Un an plus tard, la situation n’a pratiquement pas évolué. L’homme ne se souvient toujours de rien, et hélas, personne n’est venu le réclamer. Il a donc fallu lui donner un surnom et désormais, il est le soldat Ulysse. Mais l’État ne pouvant pas éternellement subvenir à ses besoins, on décidera de placarder son portrait et son signalement partout à travers la France. Et là, surprise. Plus de 300 familles affirmeront haut et fort qu’Ulysse est l’un des leurs, que ce soit à titre de fils, de mari ou de frère. Pour ne pas avoir à admettre qu’ils ont définitivement perdu un être cher à la guerre, ces gens sont prêts à tout. Même à accueillir chez eux un parfait étranger.
« Dans un premier temps, je voulais que le texte soit aussi chaotique que la mémoire de ce soldat, qu’il soit le reflet de ce qui se passait dans sa tête, précise Antoine Billot.
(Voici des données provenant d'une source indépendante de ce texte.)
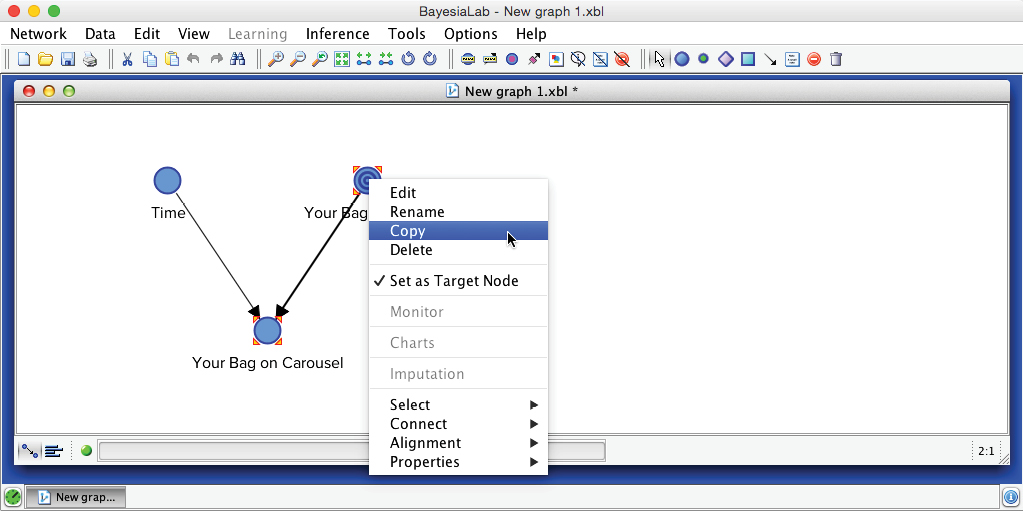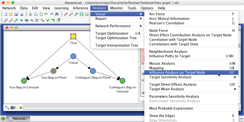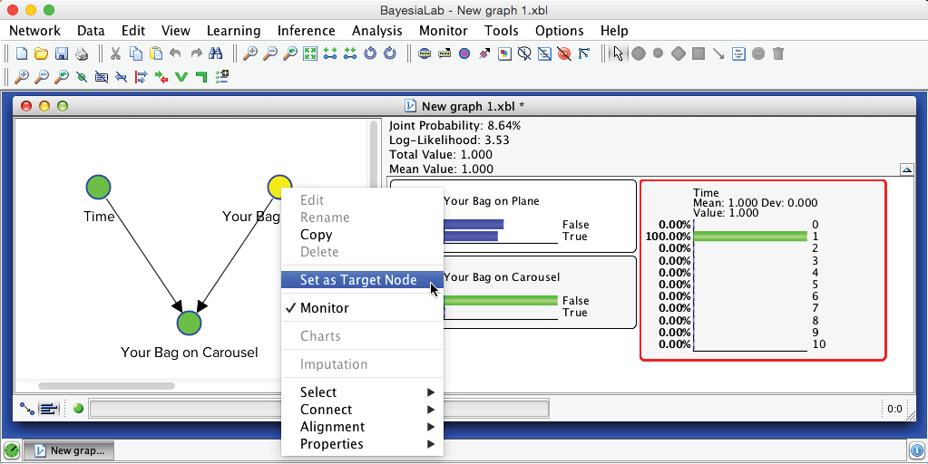 Continuing with this example, how about if the bag has not shown up in the second minute, in the third minute, etc.? We can use one of BayesiaLab’s built-in visualization functions to analyze this automatically. To prepare the network for this type of analysis, we first need to set a Target Node, which, in our case, is . Upon right-clicking this node, we select Set as Target Node. Alternatively, we can double-click the node, or one of its states in the corresponding Monitor, while holding T.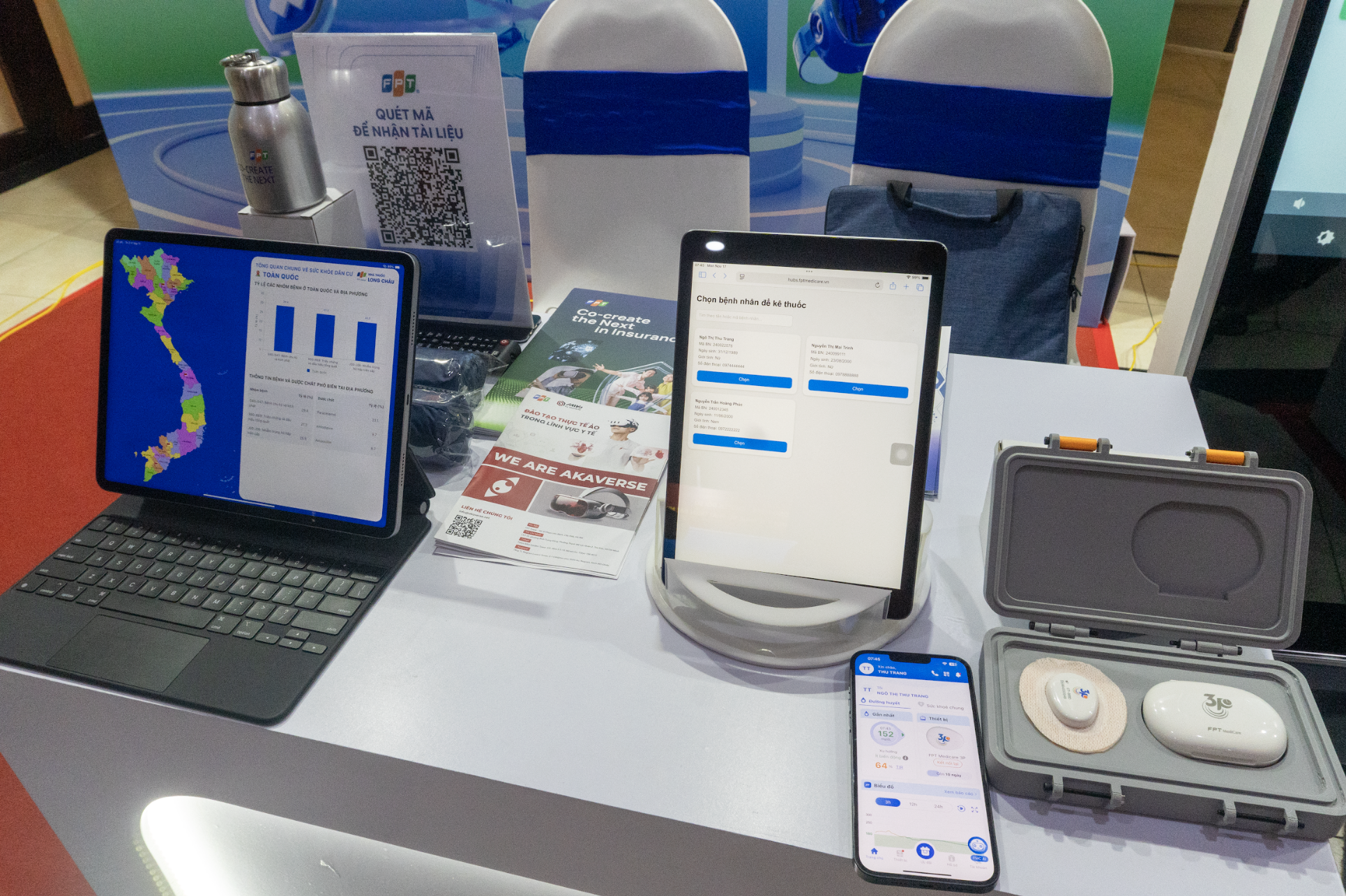 Một điểm nhấn khác tại triển lãm là máy đo đường huyết liên tục 3P, thiết bị IoMT giúp theo dõi đường huyết 24/7 mà không cần lấy máu. Dữ liệu cập nhật mỗi ba phút được hiển thị trực quan trên ứng dụng điện thoại, cho phép người dùng theo dõi tác động của chế độ ăn, vận động và thuốc điều trị trong 14 ngày, đồng thời tái hiện toàn bộ biến động đường huyết trong ngày thông qua tính năng “replay”. Báo cáo dữ liệu có thể được chia sẻ trực tiếp với bác sĩ qua nền tảng FPT MediCare, giúp đánh giá khách quan tình trạng sức khỏe, từ đó điều chỉnh phác đồ điều trị kịp thời.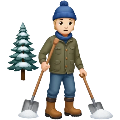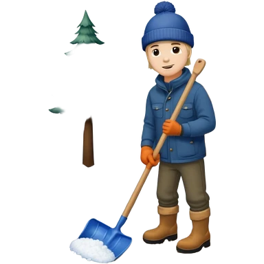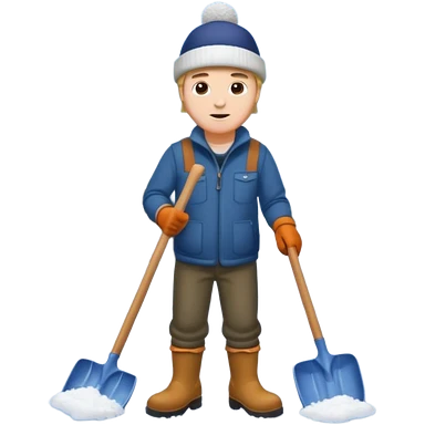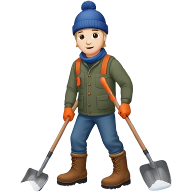 Man wearing boots and a toque shoveling snow in his driveway emoji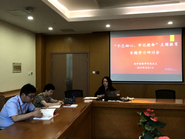 10月1日下午,医学影像学院党总支举行“不忘初心、牢记使命”主题教育专题学习研讨会,学院班子成员、党总支委员参加学习研讨。刘红书记首先对9月进行的主题教育进行阶段小结,并结合市教卫工作党委和学校党委的工作部署,对下一阶段主题教育工作提出要求。她表示必须高度重视主题教育工作,不折不扣的按照上级要求完成,必须准确把握主题教育的目标任务和总体要求,把主题教育作为重大政治任务来抓。她担任主讲,解读了习近平总书记关于反对形式主义、官僚主义的重要讲话重点内容。在研讨交流环节,院长徐小萍、副院长姚旭峰分别结合本学院工作进行发言交流。他们表示修订学院人才培养方案,一定要联系实际,多征求各方意见,切忌拍脑袋的官僚主义。在教学、科研上要想人之所想,急人之所急,在发挥带头作用的同时,关心身边的老师们,提高学院的凝聚力。

Mais pour ne pas trop nuire à la lecture, j’ai dû revenir dans une espèce de linéarité. »
TROUVER LA BONNE FAMILLE
Comment désigner avec certitude la vraie famille du soldat Ulysse ? C’est ce que le médecin-colonel Oscar Milosz va très sérieusement se demander. Car évidemment, il ne pourra pas compter sur l’aide de son patient, qui est toujours incapable de lui fournir le moindre indice sur son passé.
Ce qui nous ramène à la question au coeur de ce livre : quelle peut bien être l’identité d’un homme qui ne connaît plus son nom et qui ne sait absolument plus rien de son passé ? « La psychiatrie militaire a beaucoup été confrontée à l’amnésie et grâce à la guerre de 14-18, elle va commencer à regarder du côté de Vienne et de Freud et s’ouvrir à des méthodes comme la psychanalyse, souligne Antoine Billot. Pour Milosz, le médecin qui suit le soldat Ulysse depuis plusieurs mois, l’important va être de lui donner une identité qui saura lui permettre de sortir de cet enfer. Autrement dit, il va vouloir trouver l’endroit [ou la famille] où Ulysse pourrait se sentir le mieux. »
Une tâche ingrate qui débouchera peut-être sur une suite. « On est souvent empathique avec ses héros et quand le livre se termine, on a de la difficulté à les abandonner, conclut Antoine Billot. Là, ils me donnent l’éventuel appétit pour prolonger. » Ce qu’on espère.